(Dataset excerpts)

....

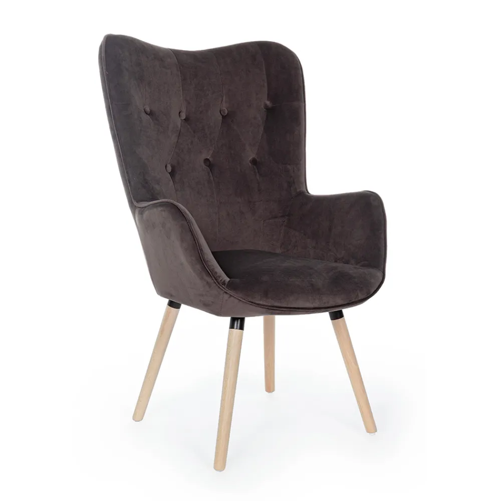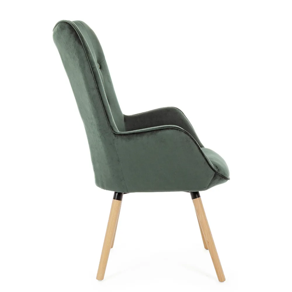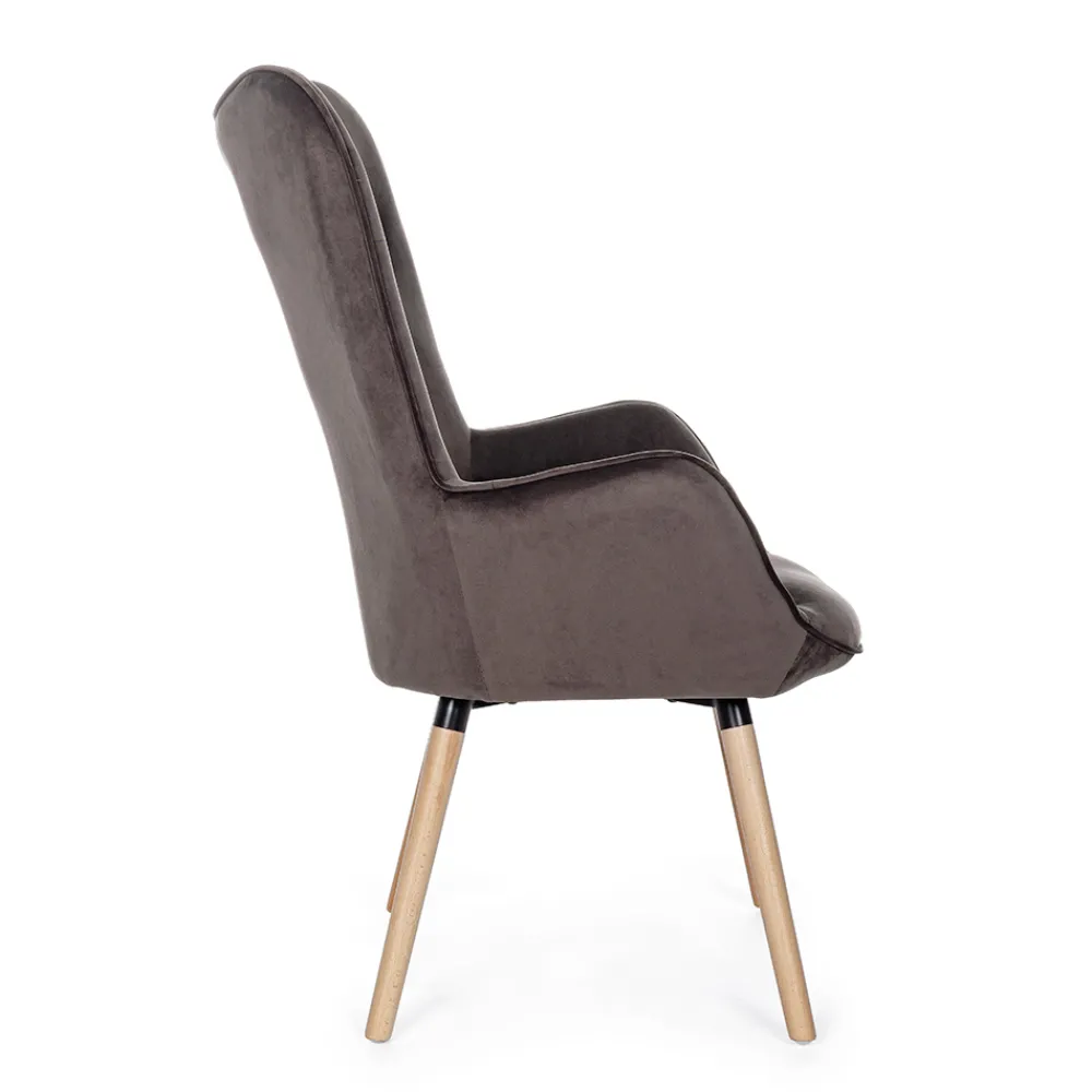 Moderner Sessel aus Buchenholz und Samtsitz 2 Ausführungen.
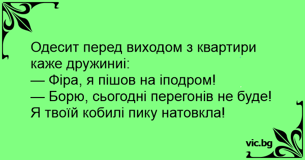 — Борю, сьогодні перегонів не буде! Я твоїй кобилі пику натовкла!
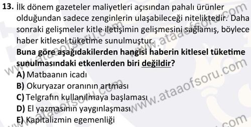 Gazeteciliğe Giriş Dersi 2025-2026 Güz Dönemi Ara Sınavı Çıkmış Sınav Soruları ve Özetleri. Geçmiş dönemlere ait sınav sorularını çözerek sınavlarda gelebilecek soru kalıplarının ve benzer soruları yakalamanız daha kolay olacaktır. Çıkmış sınav soruları ile beraber konu anlatımı, ders özetleri ve online deneme sınavları ile sınavlara hazrılanabilirsin.
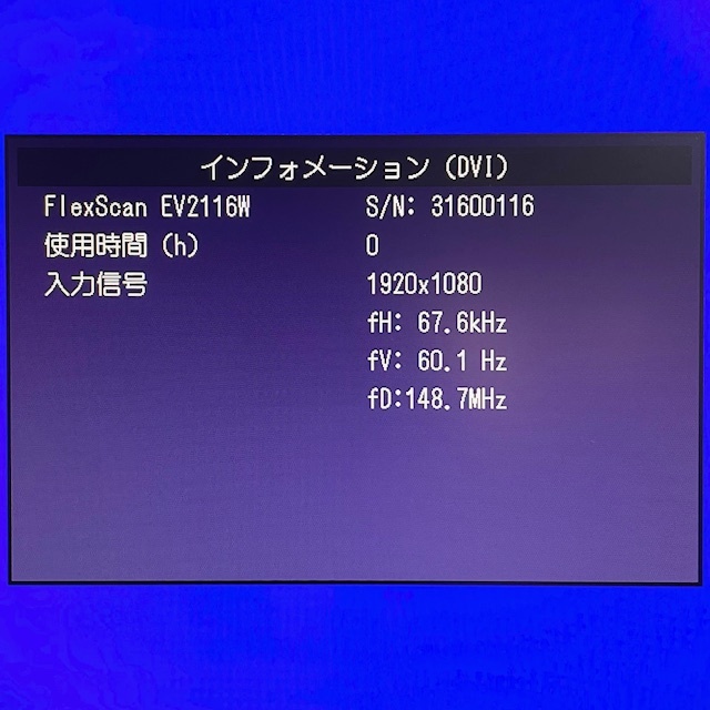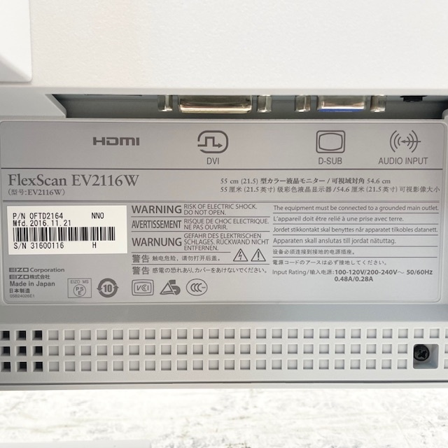 | 6102//【美品】EIZO FlexScan EV2116W 21.5インチ ワイド 液晶ディスプレイ フルHD/ ノングレア/TN/HDMI モニター 使用時間:0h | |||
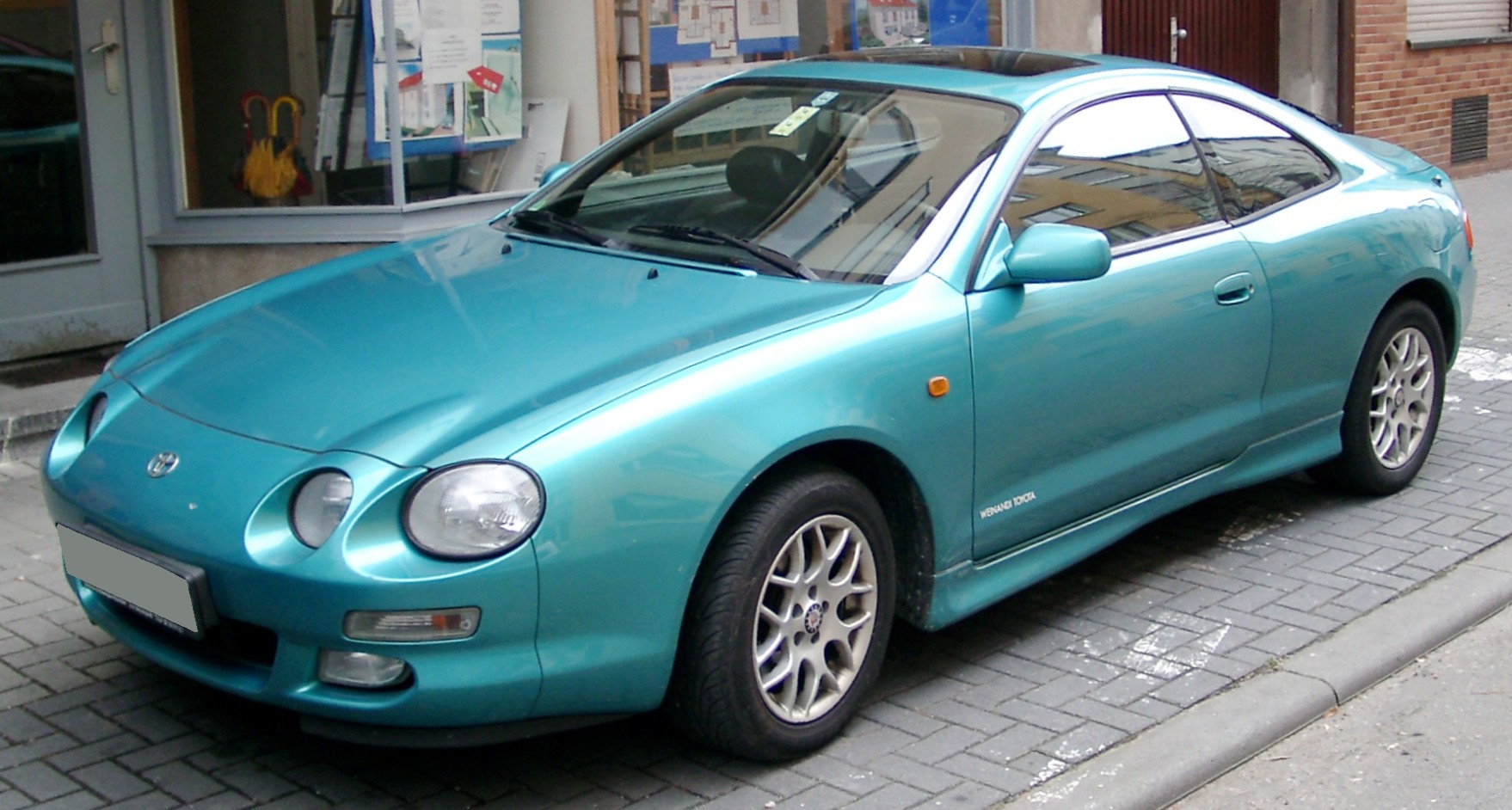 토요타 셀리카 GT 리프트백은 밝은 터키옥색 금속성 페인트를 사용한다.

....

WHAT YOU NEED TO DO: Repeat the data exactly. No pictures should appear.

TASK SOLUTION:
 Moderner Sessel aus Buchenholz und Samtsitz 2 Ausführungen.
 — Борю, сьогодні перегонів не буде! Я твоїй кобилі пику натовкла!
 Gazeteciliğe Giriş Dersi 2025-2026 Güz Dönemi Ara Sınavı Çıkmış Sınav Soruları ve Özetleri. Geçmiş dönemlere ait sınav sorularını çözerek sınavlarda gelebilecek soru kalıplarının ve benzer soruları yakalamanız daha kolay olacaktır. Çıkmış sınav soruları ile beraber konu anlatımı, ders özetleri ve online deneme sınavları ile sınavlara hazrılanabilirsin.
 | 6102//【美品】EIZO FlexScan EV2116W 21.5インチ ワイド 液晶ディスプレイ フルHD/ ノングレア/TN/HDMI モニター 使用時間:0h | |||
 토요타 셀리카 GT 리프트백은 밝은 터키옥색 금속성 페인트를 사용한다.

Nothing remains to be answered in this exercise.